Aim of the task -
The lines to extract begin at the line that contains "8.氣瓶間內的氣物氧氣瓶與壓" and run through the last line of the listing; reproduce them exactly, minus any pictures.

Stored data -
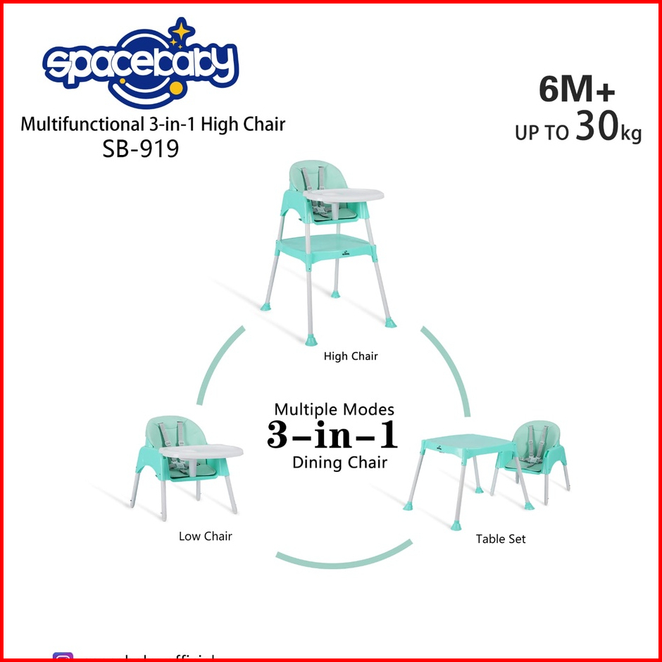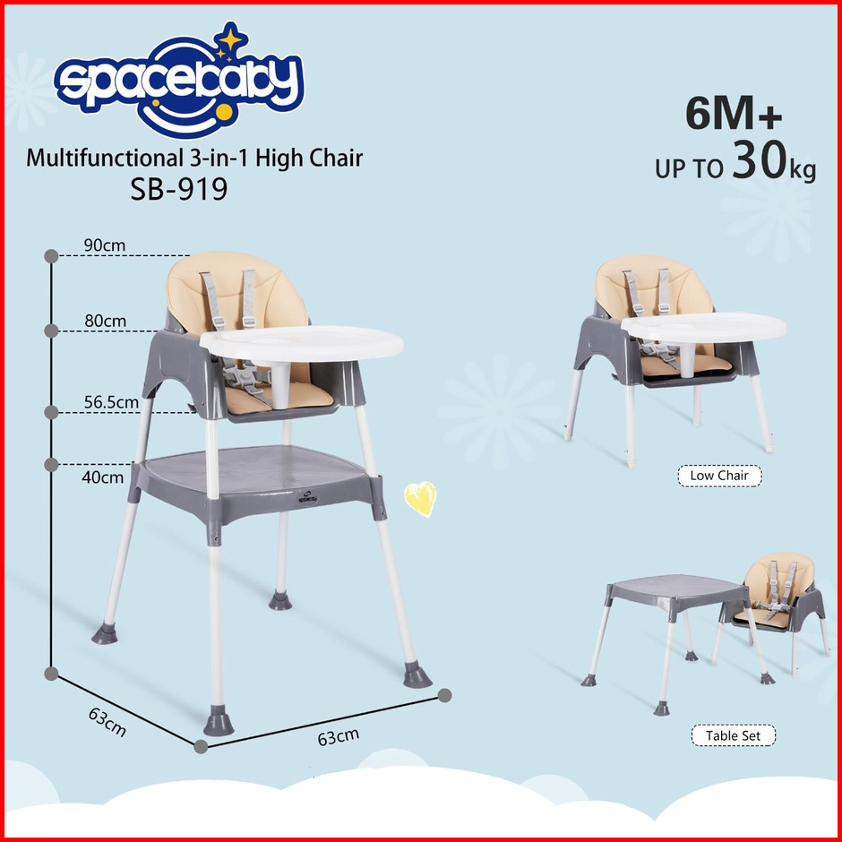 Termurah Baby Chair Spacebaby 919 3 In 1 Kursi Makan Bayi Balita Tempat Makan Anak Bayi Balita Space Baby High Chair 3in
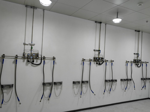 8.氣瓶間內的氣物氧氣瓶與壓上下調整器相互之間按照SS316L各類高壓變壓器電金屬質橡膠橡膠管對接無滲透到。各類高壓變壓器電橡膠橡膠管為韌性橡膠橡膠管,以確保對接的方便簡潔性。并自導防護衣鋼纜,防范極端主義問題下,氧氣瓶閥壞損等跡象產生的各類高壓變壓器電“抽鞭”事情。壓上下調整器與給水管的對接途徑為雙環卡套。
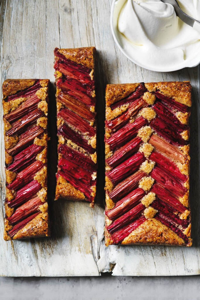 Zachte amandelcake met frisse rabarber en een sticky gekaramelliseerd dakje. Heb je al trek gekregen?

Response area -
 8.氣瓶間內的氣物氧氣瓶與壓上下調整器相互之間按照SS316L各類高壓變壓器電金屬質橡膠橡膠管對接無滲透到。各類高壓變壓器電橡膠橡膠管為韌性橡膠橡膠管,以確保對接的方便簡潔性。并自導防護衣鋼纜,防范極端主義問題下,氧氣瓶閥壞損等跡象產生的各類高壓變壓器電“抽鞭”事情。壓上下調整器與給水管的對接途徑為雙環卡套。
 Zachte amandelcake met frisse rabarber en een sticky gekaramelliseerd dakje. Heb je al trek gekregen?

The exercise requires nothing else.